During this period Ji-hyun gave birth in isolation to a baby boy she named Chol, meaning Iron.

But in 2004 she was reported to the authorities and was torn from her 6-year-old son and repatriated into a North Korean gulag.

It was the last time she saw her mother and sister.

Back in her homeland she was humiliated and forced to work all hours of the day – learning party songs and chants by night.

It was only back in North Korea that it dawned on Ji-hyun that the regime in the country of her birth was oppressive and that she had been brainwashed. She said: “That was the first time I realised that everything was a lie.”

When she was released from the prison camp after contracting tetanus in her leg she had no option but to get traffickers to take her to China again.

After much heartache Ji-hyun managed to get in touch with her son and they undertook a journey to cross the border into Mongolia in a desperate bid to avoid being deported again.

Her perilous attempt to leave China was only saved when a man helped her and her son to cut the high wire fencing which marches round the border between the two countries.

She later fell in love with the man who saved her and her six-year-old and she and her now husband Kwang Joo are still together today.

But after three days in Mongolia without water, food or a sight of another human being the three of them faced returning to China yet again.

Explaining why they decided to go back to the country they had just managed to escape from Ji-hyun said: “If we died in Mongolia no one would know. “If we died in China or if I was repatriated into North Korea I thought maybe someone would take care of my son.”

Another three long years went by in China before Ji-hyun, Kwang Joo and Chol made it to the UK.

It was 2008 and they were granted British citizenship in a swift but agonising four months.

Ji-hyun said: “I just cried and cried, in China I had no ID card, I lost my family so I just cried and said thank you very much, thank you very much.”

Nowadays when she looks back at her life and sees what Kim Jong-un is doing she is angry and dumbfounded.

She said: “I can’t say any words, sometimes reading the news I think, this is my country, my home town.

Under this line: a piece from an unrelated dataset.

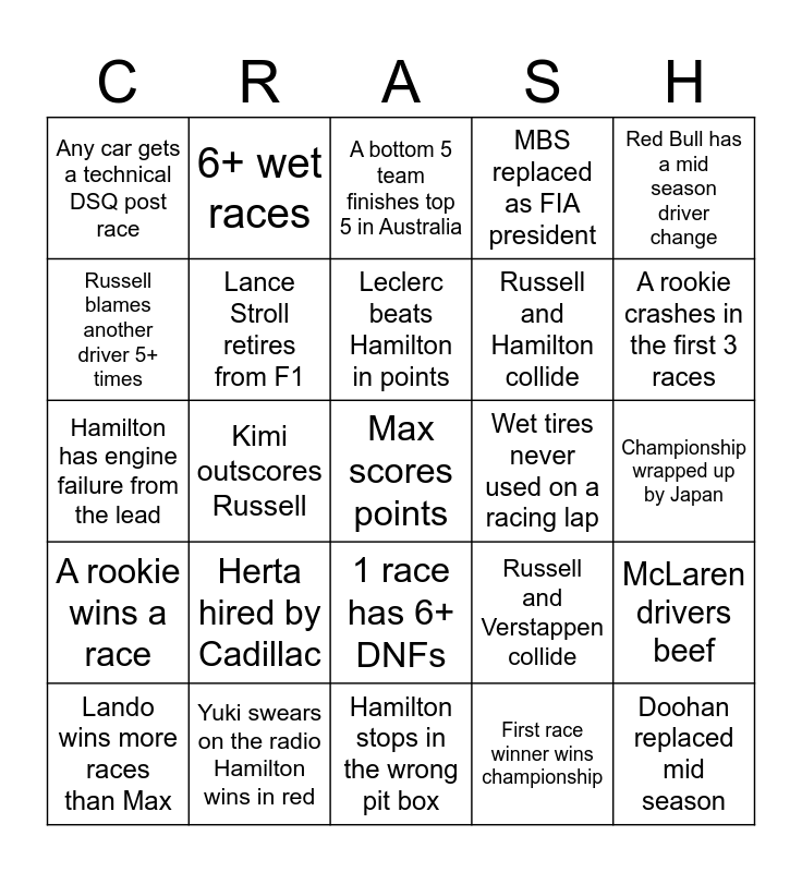 This bingo card has a free space and 24 words: Herta hired by Cadillac, Yuki swears on the radio Hamilton wins in red, Leclerc beats Hamilton in points, Lando wins more races than Max, Red Bull has a mid season driver change, Any car gets a technical DSQ post race, Russell blames another driver 5+ times, 6+ wet races, Wet tires never used on a racing lap, 1 race has 6+ DNFs, Russell and Hamilton collide, Hamilton has engine failure from the lead, Russell and Verstappen collide, McLaren drivers beef, Lance Stroll retires from F1, First race winner wins championship, Championship wrapped up by Japan, A bottom 5 team finishes top 5 in Australia, A rookie crashes in the first 3 races, Kimi outscores Russell, Doohan replaced mid season, A rookie wins a race, MBS replaced as FIA president and Hamilton stops in the wrong pit box.

Wow.”

Ji-hyun described to the SNJ how the first time she felt happiness was in 2010 two years after her family arrived in England.

She said: “I was sitting round the table with my family and my children were smiling and talking about how school was going.”

Previously her understanding of what happiness felt like was centred on making “the leader” happy as he had the status of a deity.

It was four years after they came to the UK in 2012 when Chol asked his mother why she had deserted him to go back to North Korea.

When Ji-hyun had been repatriated the authorities had told her son that she had abandoned him.

Her son’s question was a defining one for Ji-hyun. She said: “It is not only my son’s question; it’s all the other North Korean children who are now separated with their parents.

“So I started this work for all the other North Korean mothers out there.”

Since then she has been working as an outreach and project officer for the European Alliance for Human Rights in North Korea.

On Thursday, May 7 calling it “a day I will remember for the rest of my life” Ji-hyun voted in the UK general elections.

Ji-hyun now lives in Manchester with her three children and husband. Chol is 16-years-old and is taking his GCSEs.